NetCloud test fails in middle of test

Possible Reason #1 Possible Reason #2	1.) This may happen due to core dump on controller due to some fault in code or due to system kernel 2.) This may happen due to NVMs failure with core dump on failed generators
Steps to Diagnose	Check below logs 1) $NS_WDIR/logs/TRXX/partition/ns_logs/ns_trace.log 2) $NS_WDIR/logs/TRXX/TestRunOutput.log Test stopped or CVMs killed due to core dump on code function or system kernel. Check dmesg -T for segfault.
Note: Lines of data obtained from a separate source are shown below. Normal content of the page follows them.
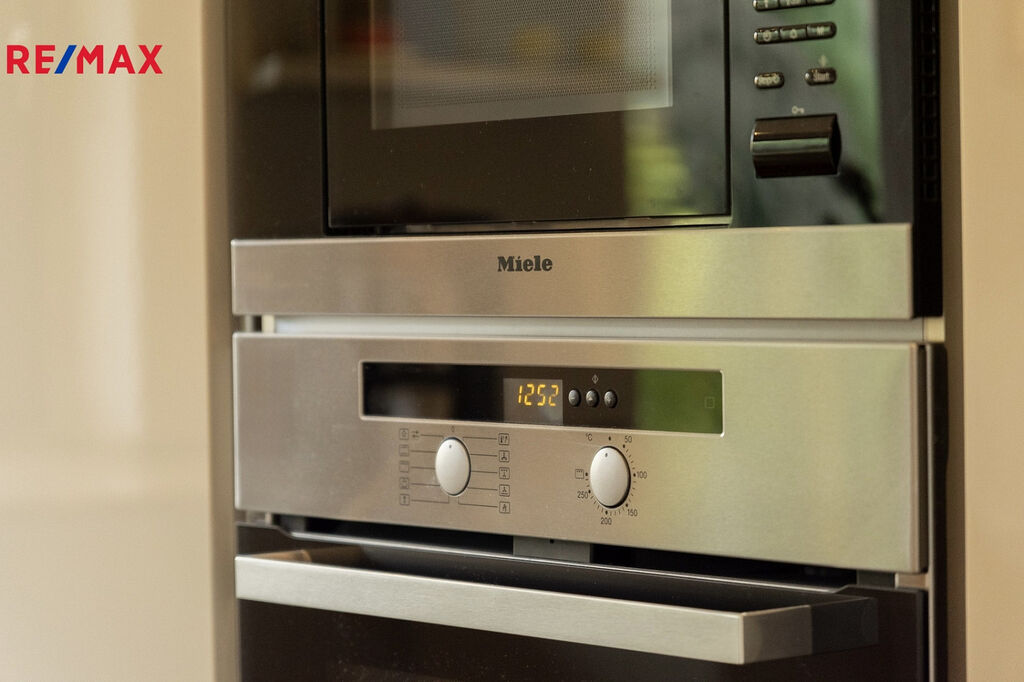 K dokonalosti ji doplňují spotřebiče značky Miele, které podtrhují vysoký standard celého interiéru.
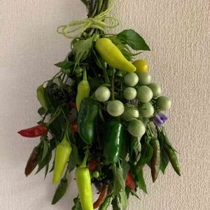 野菜スワッグ 畑で採れた野菜達 とうがらし ミニトマト ハックルベリー 紫ホウズキ ツルムラサキの実 綿の花…など どうかしら?
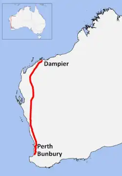As a single trunkline it is 1,530 kilometres (950 mi) long,[4] extending from the Burrup Peninsula in the Pilbara region, to Bunbury in the south west of Western Australia. It supplies gas to industrial, commercial and residential customers in Perth and major regional centres along the pipeline route. It is covered by Western Australian pipeline licence PL-40. A number of lateral pipelines are connected to this pipeline, most of which are covered by separate licences, although PL-40 itself covers the main trunkline and some laterals totalling a length of 1,789 kilometres (1,112 mi).[2]
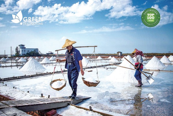 井仔腳瓦盤鹽田是台灣現存最古老的鹽田,不僅將特殊的瓦盤鹽田保留下來,並且 延續百年的曬鹽技法,更透過環境教育課程,傳承及宣揚日益式微的曬鹽文化。引進 民間資源開發多元的「鹽」文化商品,結合 當地社區、旅遊業透過「平安 鹽祭」活動廣為宣傳,成功打 造為一個兼具文化保存、環境 教育的永續旅遊目的地,並獲 得國際綠色旅遊目的地基金會 的認可入選為2021年世界百大 永續旅遊目的地最佳案例。
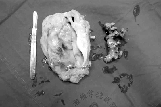 经过系统检查后发现“右肾巨大结石右肾重度积水并化脓”。因结石长期未做处理,导致右肾功能已完全丧失,已无保留价值并且化脓感染引起患者重度贫血、右肾周围渗出粘连等多种并发症。
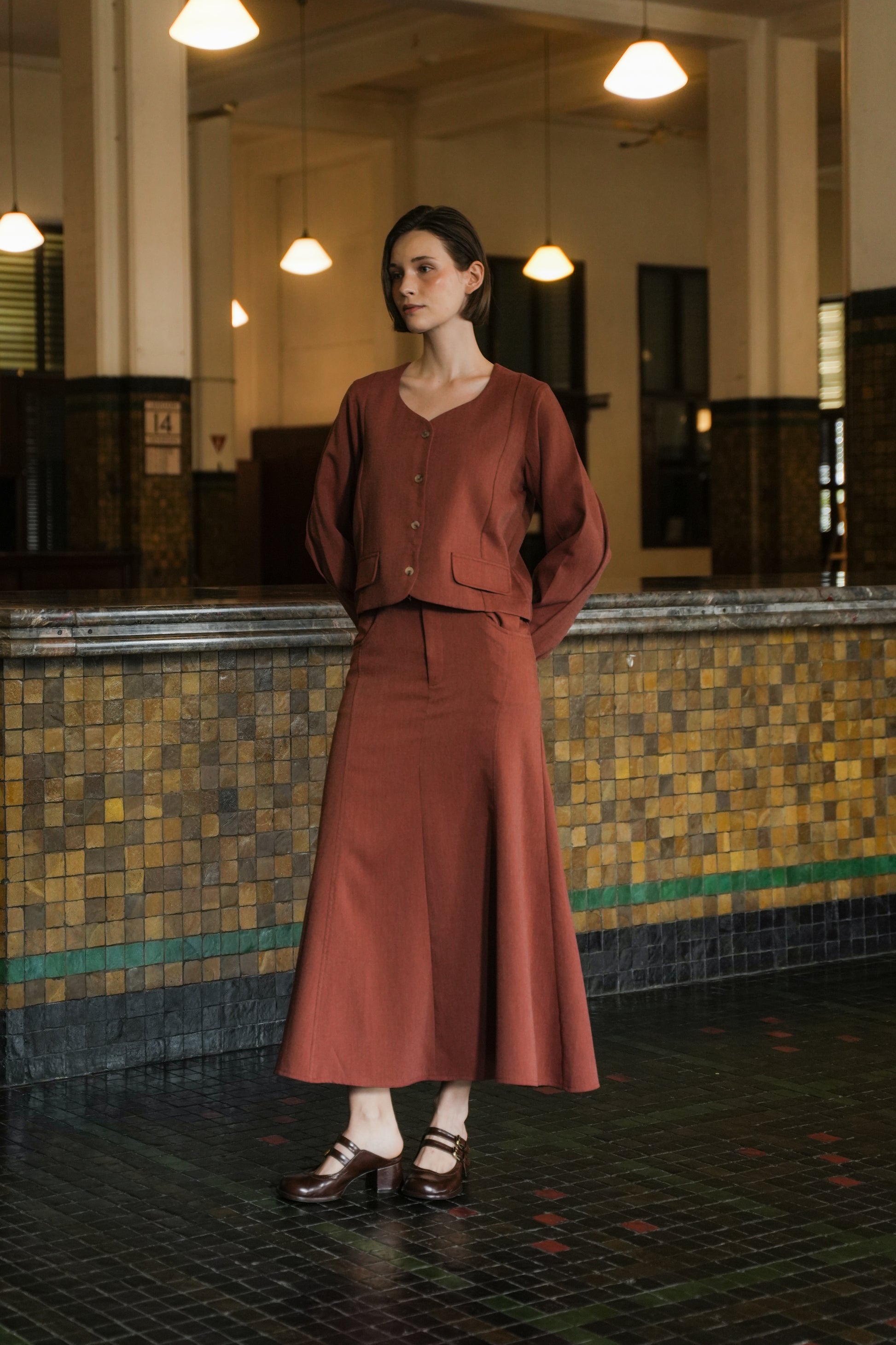 - Koda Skirt brings flowy elegance to the outfit with its maxi length and flattering silhouette.
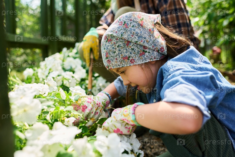 Девушка садится с взрослой женщиной в цветочном клумбе во время солнечного дня
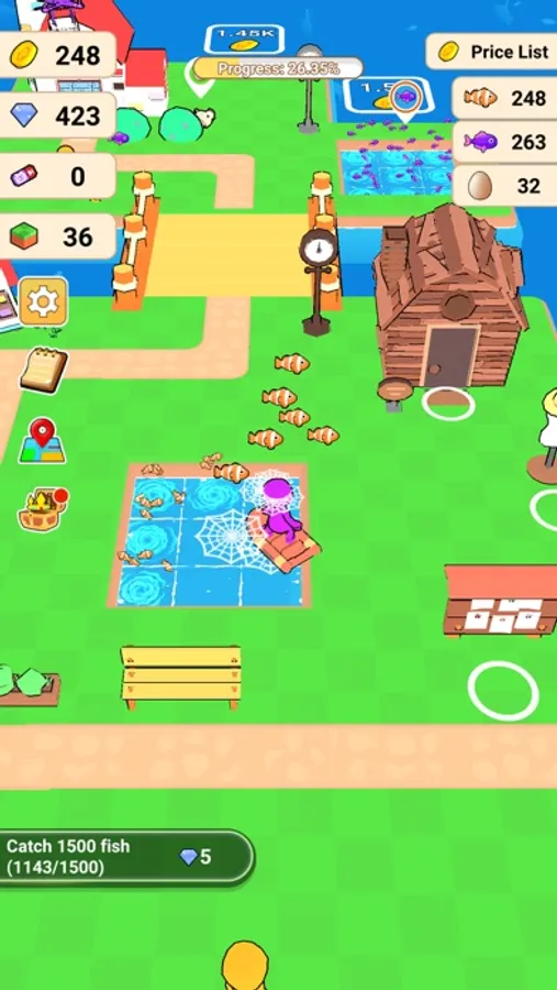 Here you can become the owner of a fishery. Manage your fishery, and expand your fishery by breeding and catching all kinds of fish, planting fruit trees, etc.!
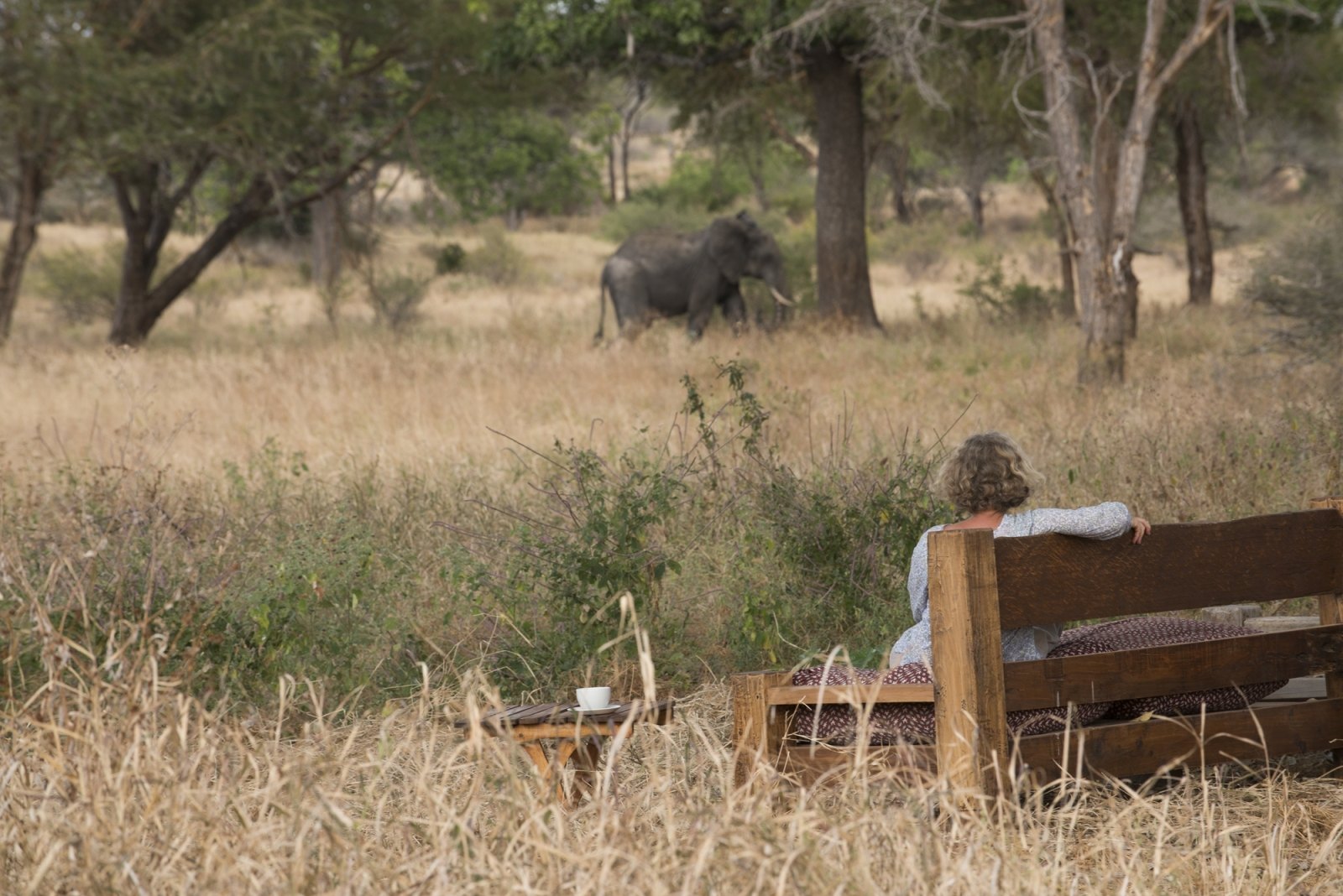 Kuro Tarangire is set amid a grove of Acacia and Kigelia trees on the banks of the Tarangire River – often a dry, sandy course snaking through this quiet area of the park. The area sees the rhythmic movement of wildlife as it traverses the park from the hills in the west to the swamps on the eastern side, and between the north and the south along the river line. Conscious of wanting to experience this place in a way that harmonises with the natural tempo, Kuro Tarangire is an eco-friendly camp, whilst still being stylish and comfortable. There are six light safari tents complete with comfortable beds, en-suite bucket shower and flushing eco-toilet. The family tent has two en-suite bedrooms and an adjoining sitting area. They rest amongst the trees with views over the African bush. All guests gather to share meals and relax under the cool grass thatch of the open-sided lounge and dining area which is furnished with hides and canvas, brought to life with a touch of colourful and tactile textiles.
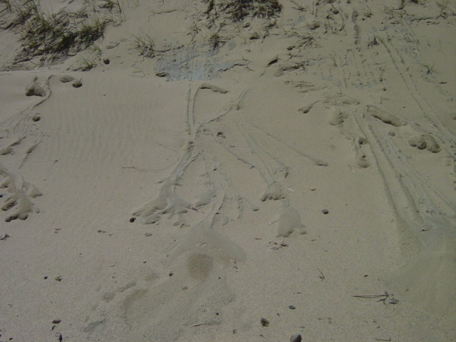 | Even grass growing on a relatively stable dune face can't stop the effects of gravity. Here is a cresent-shaped slide. I call this a stable dune because the establishment of grass such as shown here requires a static environment. | ||||

Also check core file at /home/cavisson/core_files. Check backtrace using gdb and analyse frames where dump created.
Commands to validate	gdb
Solution	Contact cavisson client support team

Possible Reasons #3	Not enough space left on controller/generators
Steps to Diagnose	1) Check using df -h 2) Also can be check using nsu_sever_admin command
Commands to validate	1) Df -h 2) nsu_server_admin -s ip -c “df -h”
Solution

Possible Reasons #4	Some has stopped test forcefully
Steps to Diagnose	Ping generator IP
Commands to validate	ping ip
Solution	contact CS team

Possible Reasons #5	Generator went down
Steps to Diagnose	Check nsu_stop_test.log. It is present at $NS_WDIR/logs/TRxx
Commands to validate	vi $NS_WDIR/logs/TRxx/nsu_stop_test.log
Solution	Restart test if required

Not able to start test due to shared memory issue

Possible Reasons #1	Check NS/Generator System Health
Steps to Diagnose	1) Run command cat /proc/sys/kernel/shmmax 2) Value must be greater than buffer request in script. 3) On cavisson cloud machine there is approximate 20GB
Commands to validate	cat /proc/sys/kernel/shmmax
Solution	Check this value. It required root access

Unable to start test due to unknown host error

Possible Reasons #1	Due to DNS nameserver missing in entry file.
Steps to Diagnose	1) Check file cat /var/run/dnsmasq/resolv.conf 2) Entry will be like nameserver 8.8.8.8 3) If entry is not there then enter value manually.
Commands to validate	cat /var/run/dnsmasq/resolv.conf.
Solution	Keep nameserver entry in resolv.conf file

Possible Reasons #2	Due to host not reachable from source IP
Steps to Diagnose	Check host using ping command or using wget.
Commands to validate	1) ping hostname 2) wget hostname
Solution	Get whitelist source ip to host application.